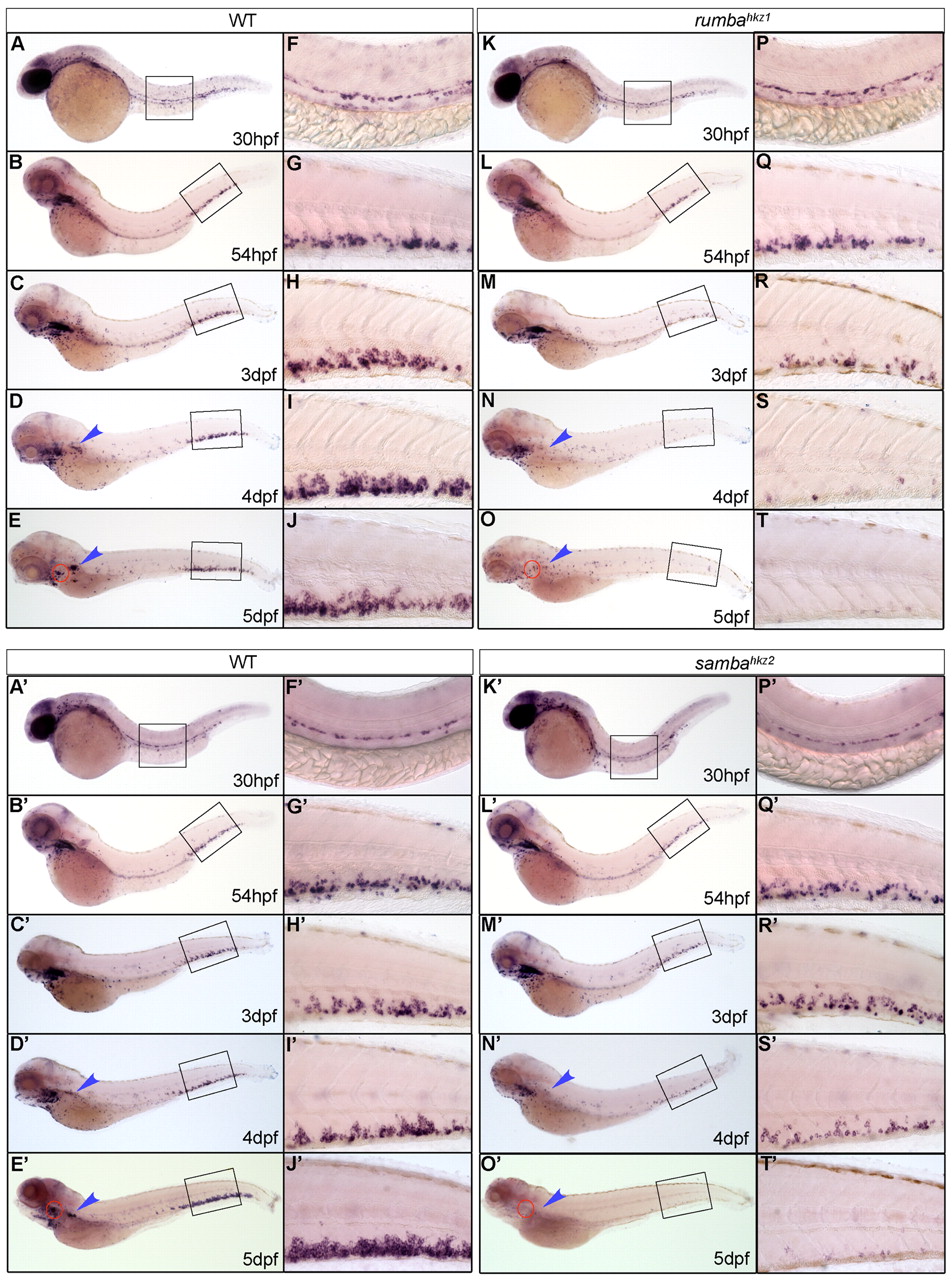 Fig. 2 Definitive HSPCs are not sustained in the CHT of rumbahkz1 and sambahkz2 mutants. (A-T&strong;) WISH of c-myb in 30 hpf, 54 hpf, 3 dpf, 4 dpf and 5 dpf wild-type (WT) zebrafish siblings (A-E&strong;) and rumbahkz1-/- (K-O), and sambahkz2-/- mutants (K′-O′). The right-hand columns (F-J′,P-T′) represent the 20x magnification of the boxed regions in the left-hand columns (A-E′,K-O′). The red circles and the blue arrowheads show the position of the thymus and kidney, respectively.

* * *

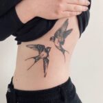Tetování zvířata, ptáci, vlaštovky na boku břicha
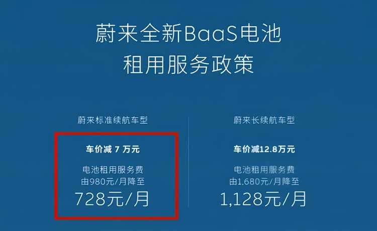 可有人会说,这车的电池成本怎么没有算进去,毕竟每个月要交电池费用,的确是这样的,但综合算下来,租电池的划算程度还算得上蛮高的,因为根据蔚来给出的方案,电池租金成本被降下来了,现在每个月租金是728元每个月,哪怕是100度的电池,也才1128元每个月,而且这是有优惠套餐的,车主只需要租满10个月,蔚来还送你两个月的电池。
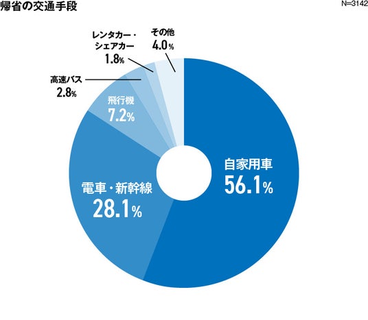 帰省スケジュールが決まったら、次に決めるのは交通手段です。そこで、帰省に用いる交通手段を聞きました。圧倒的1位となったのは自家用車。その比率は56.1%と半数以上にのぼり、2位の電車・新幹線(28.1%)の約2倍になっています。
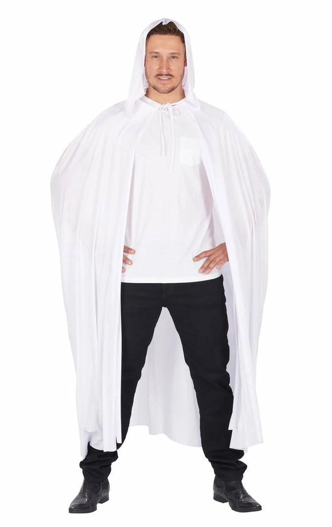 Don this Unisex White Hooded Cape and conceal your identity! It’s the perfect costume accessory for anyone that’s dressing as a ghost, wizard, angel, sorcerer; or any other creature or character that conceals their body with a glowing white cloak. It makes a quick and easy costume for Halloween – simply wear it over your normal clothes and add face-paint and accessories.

## EXERCISE REQUIREMENTS
Beginning at the line above that contains "帰省スケジュールが決まったら" and going on through the line that contains "Don this Unisex", please copy every line exactly, leaving the pictures out and adding nothing.

## OUTPUT
 帰省スケジュールが決まったら、次に決めるのは交通手段です。そこで、帰省に用いる交通手段を聞きました。圧倒的1位となったのは自家用車。その比率は56.1%と半数以上にのぼり、2位の電車・新幹線(28.1%)の約2倍になっています。
 Don this Unisex White Hooded Cape and conceal your identity! It’s the perfect costume accessory for anyone that’s dressing as a ghost, wizard, angel, sorcerer; or any other creature or character that conceals their body with a glowing white cloak. It makes a quick and easy costume for Halloween – simply wear it over your normal clothes and add face-paint and accessories.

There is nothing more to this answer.